# Help with Cafe



## Six (May 29, 2006)

Hey guys. A friend of mine is on the board for CAFE (the Columbus fish club) and we're talking about revamping it A LOT. We want to have larger, bimonthy meetings at a better location with swaps, raffles, and auctions at each. I'm going to post more info as we make it (lol), and we're going to try to make this better, and more fun and worthwhile than it has been. I will be bringing plants and shrimp to auction.

I'll let you guys know more details as we make them. I'd love for you guys to be able to help us make this club something. 

thanks and any insight will be MUCH much MUCH appreciated!

Liz


----------



## sarcare (Sep 10, 2006)

A better location would be soooooo nice. I live in the campus area, and don't go out to the south part of town at all. If something was held nearby I'd be much more likely to show up with plants to trade! Of course, I'm not in Columbus right now, since school is out, but I might be able to help when I get back.


----------



## MatPat (Mar 22, 2004)

Six said:


> Hey guys. A friend of mine is on the board for CAFE (the Columbus fish club) and we're talking about revamping it A LOT. We want to have larger, bimonthy meetings at a better location with swaps, raffles, and auctions at each. I'm going to post more info as we make it (lol), and we're going to try to make this better, and more fun and worthwhile than it has been. I will be bringing plants and shrimp to auction.
> 
> I'll let you guys know more details as we make them. I'd love for you guys to be able to help us make this club something.
> 
> ...


Some of us Dayton and Cinci folks may be interested in coming to an auction if you let us know when it is. Some may be even more interested if there are shrimp involved 

I'm looking forward to hearing some more details...as long as it doesn't interfere with SWOAPE meetings I could probably attend a CAFE auction or two. How often do you hold meetings now?


----------



## Six (May 29, 2006)

sarcare- we're trying to get a resturant banquet room in the Hilliard area. we can eat, drink, and talk fish!

matt- we're thinking of having meetings every 2 months (thats what i meant by bimonthly, lol) and making them "events" rather than monthly meetings. What i mean is that we want to make things exciting/fun instead of a chore and a bore.  
All of the people involved want to make this thing fly, but it's only what we make it, right? hopefully we get some variety of tastes and hobbyists to come by to make the mini-auctions interesting. 

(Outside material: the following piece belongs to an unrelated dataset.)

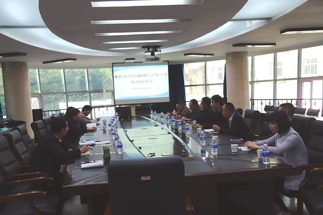 2月20日上午,我校在办公楼三楼会议室召开2019年宣传工作咨询座谈会。市外宣中心、攀枝花日报、攀枝花广播电视台、GOGO攀枝花、人民网四川频道相关领导、专家,学校党委宣传统战部全体成员参加会议。与会人员重点围绕我校2019年宣传工作进行了座谈交流。座谈会由学校党委宣传统战部副部长肖国玉主持。

I'll let you guys know when we move the location. the first 4(ish) meetings will have to be held at the library in Groveport until we can get the new meeting place to agree (which they are a friend of a friend, so it should work).


----------



## Six (May 29, 2006)

CAFE February Meeting!

I've also changed the site a good deal to reflect this century.  lol .

I plan to bring a lot of plants this meeting. I'm also thinking of bringing some used halide bumbs for plant tank-use.


----------



## redstrat (Apr 3, 2006)

what date is the Feb CAFE Meeting I might like to attend, the talk about apistos sounds interesting.


----------



## Six (May 29, 2006)

meeting info

February 23rd 2007


----------



## Six (May 29, 2006)

here's a quick banner i concocted. 










ok, so it took me forever to teach myself photoshop. lol. not a bad start tho. hope some people can make it!


----------



## MatPat (Mar 22, 2004)

I'd like to try and make it up to this meeting to see how another smaller club works. Maybe I can bring a few folks up with me if there is enough interest. I like Apistos and hopefully by then I will have a tank free 

Nice job on the banner Liz!


----------



## MatPat (Mar 22, 2004)

Liz,

Do you have a contact phone number for the meeting? I am hoping to attend but if I get lost, it would be nice to be able to call for directions


----------



## Six (May 29, 2006)

ill PM you with my cell number.


----------



## evercl92 (Aug 14, 2006)

That branch of the library is within walking distance of my apartment.


----------



## Six (May 29, 2006)

I wanted to make sure those who are interested in attending the meeting, it is THIS FRIDAY. also, i made a typo, the meeting is NOT at the "SW" branch of the metro library, but the SOUTH EAST. all the information on the site : columbusfishclub.org is correct. i just typed the wrong thing! Sorry if that caused any confusion.

Thanks everyone!


----------



## brynnhilde (May 13, 2006)

My wife and I are going to try to make it Friday for the first time. I have been going to the auctions for 2 years and always had fun. maybe the new meeting structure will make it worth the 45 minute trip to the meetings? Still hoping they move to Hilliard. I think membershp would blossom, especially since one of the fastest growing areas in the country.


----------



## MatPat (Mar 22, 2004)

I will be there on Friday night also


----------



## Six (May 29, 2006)

Matt- were you there tonight? I'm sorry I didn't see you! I dont know how, there wasn't THAT many people there.... hmmm.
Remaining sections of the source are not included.